He did not blame her for this outburst; bore her no bitterness. The indictment belonged to him and he admitted it. But in a way it soothed him to think that she had cared for him once. And it had taken him all this time, all the events of the past few weeks, to teach him what love meant, that passion he had almost dreaded, never cultivated, because he liked a quiet even life, free from emotion. When her hot words fell on his ears they opened up visions to which he had been blind so long. Yes; he cared no longer to deceive himself. He did love her; not as Roman loved women, but in his own way, shyly, hesitatingly, with affection of slow growth that had taken deep root. At last he was honest with himself, admitted the fullness of his folly. It maddened him to think that all the time, whilst he let things drift because he was too comfortable to plunge into the depths of emotion yet untasted; whilst he, in his blindness, let chances drift by, enjoying to the full that pleasant, uneventful life which had been swept away in war's hurricane forever, whilst he could have given her all the comforts and joys of his wealth; whilst he, ignorant of his own heart, not heartless as she said, but selfish, procrastinating, basked in the sunshine of peace and security--all that time her proud bruised heart had fought against the love he held of no account but longed for now with an intensity which left him sore, wondering, almost indignant at his new capacity for passion.

Pacing his office, he remembered that he could not even give her the generous dowry he had planned a few weeks ago. For the moment he had forgotten his financial troubles. Hastily he opened the big safe which stood in the room, took out account books and deed boxes, made rough calculations. He could give her the paltry sum of twenty thousand roubles, unless the Prussians advanced more rapidly than he expected and seized the remainder of his invested wealth. It was a fifth of what he had planned for her when he took that rapid ride to Warsaw, with Roman at the wheel.
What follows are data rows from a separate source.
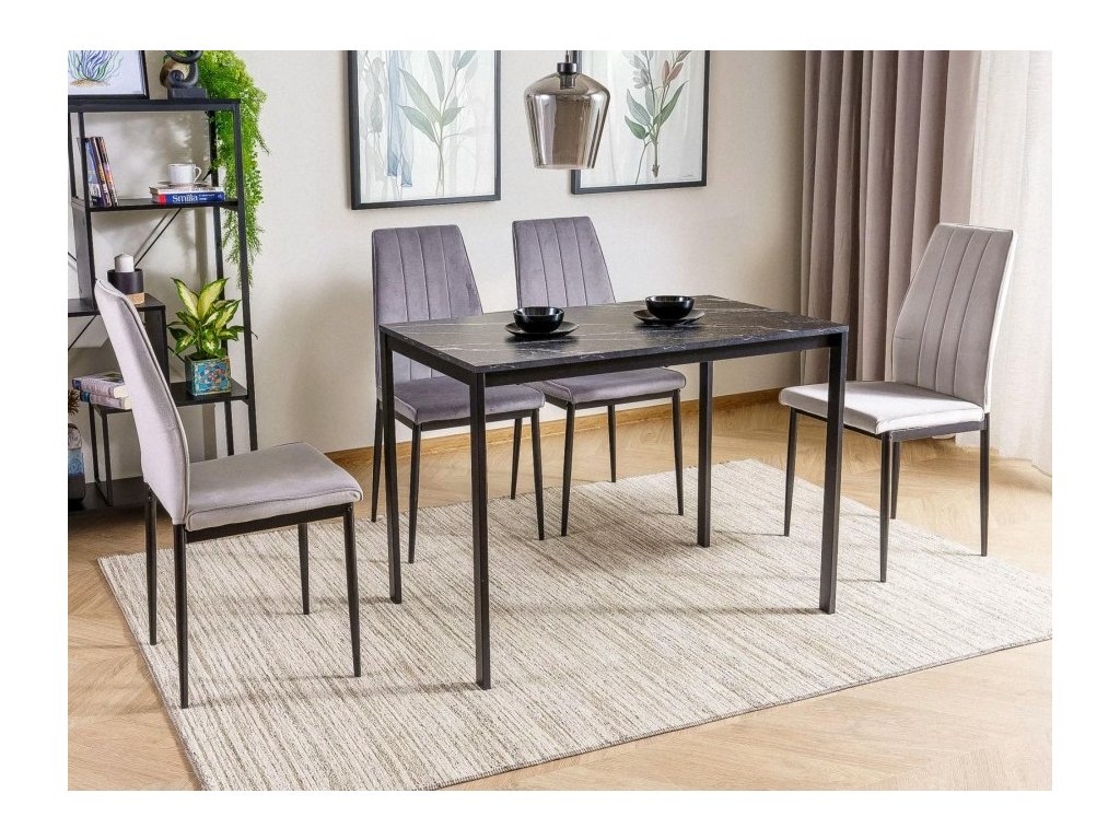 Oživte svou jídelnu jednoduchostí a elegancí moderního designu. Tento jídelní stůl se díky své decentní černé barvě a mramorovému dekoru snadno sladí s různými styly interiéru – od skandinávského po industriální. Ideální volba pro každodenní stolování i slavnostnější příležitosti. V kombinaci s pohodlnými židlemi vytvoříte útulný prostor, kde se rádi sejde celá rodina. Snadná údržba a odolné materiály zajistí, že vám stůl bude sloužit dlouhá léta.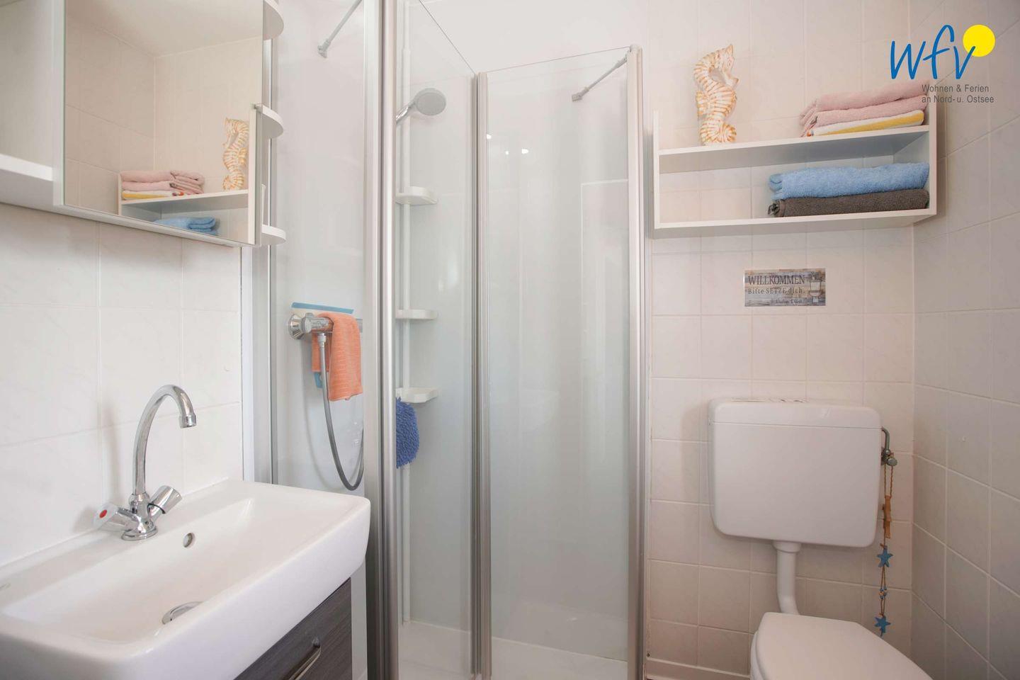 Das gepflegte Duschbad ergänzt den angenehmen Wohnkomfort.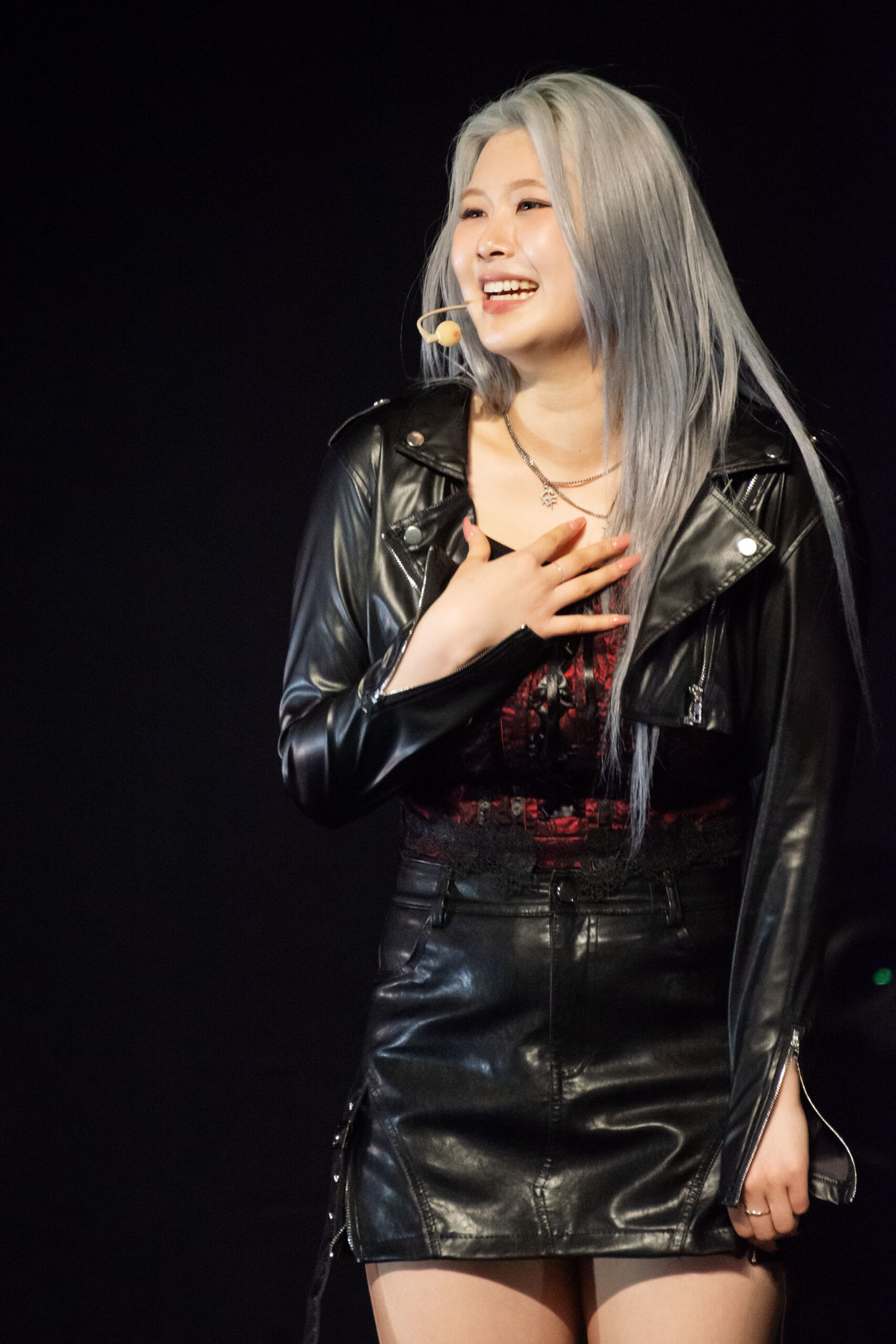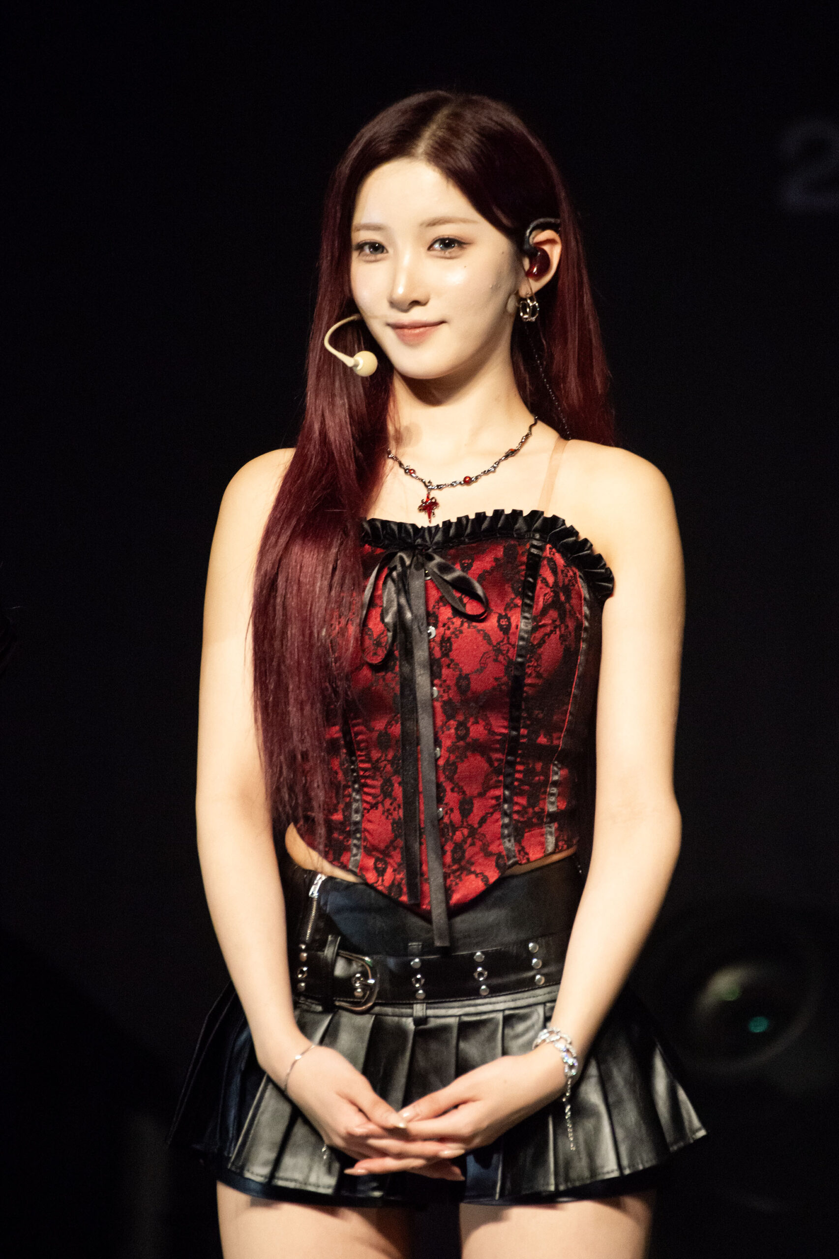 And the three different pairs did not disappoint. Coming back onstage with new lacey, red and black outfits, Goeun and Ireh led the performances with a powerful cover of Jungkook’s “Standing Next To You.” The duo created their own mic choreography to go along with the original dance. After them came Swan and Yuki who came prepared with a sizzling cover of Ariana Grande’s “Side To Side.” Determined to not be outdone, Yuki created a unique rap in Japanese, emulating the energy and flow of Nicki Minaj’s original version. “I wrote lyrics to show off my confident side,” said Yuki. Each stage had a variety segment for each unit and gave more insight into PURPLE KISS’ artistry and talent. Finishing off the stages with a cover of Sunmi’s “TAIL,” Dosie and Chaein came out guns blazing. All eyes were on them as their confident stage presence captivated the crowd.

He put back his papers, locked the safe and sought the blue guest-room.

He found Joseph sitting by a round table on which a lamp burned. Martin had put away the Cossack uniform and given him one of Ian's dressing-gowns. His hand was bandaged; but except for that he bore no trace of having passed through the experience of war since he last used that room. Yet Ian's feelings towards him had greatly changed. Before, he deemed him rather a prig, but a successful man, a distant relative who would never give him any trouble but in whom he felt no particular interest; not one he would have chosen for friend; but a man he tolerated as a cousin, with whom he had played, quarreled, learnt, and taken punishment in the long years of childhood.

But now, he hated him; hated him for Vanda's sake, for Roman's, for his coming to Ruvno in Prussian uniform, for his letting Roman risk life to save him from a death which, after all, was the consequence of his own conduct. But he determined to master his feelings and get over the meeting without an open quarrel.

Joseph welcomed him with unusual warmth, and this, too, he resented, as he resented his handsome nose and white, even teeth.

"I was hoping you would come," he said. "Tell me all that's happened since this awful war started."

"I won't sit. I've work downstairs."

Joseph gave him a keen look; the tone was ominous.

"You want to know what I was doing on Ruvno soil yesterday."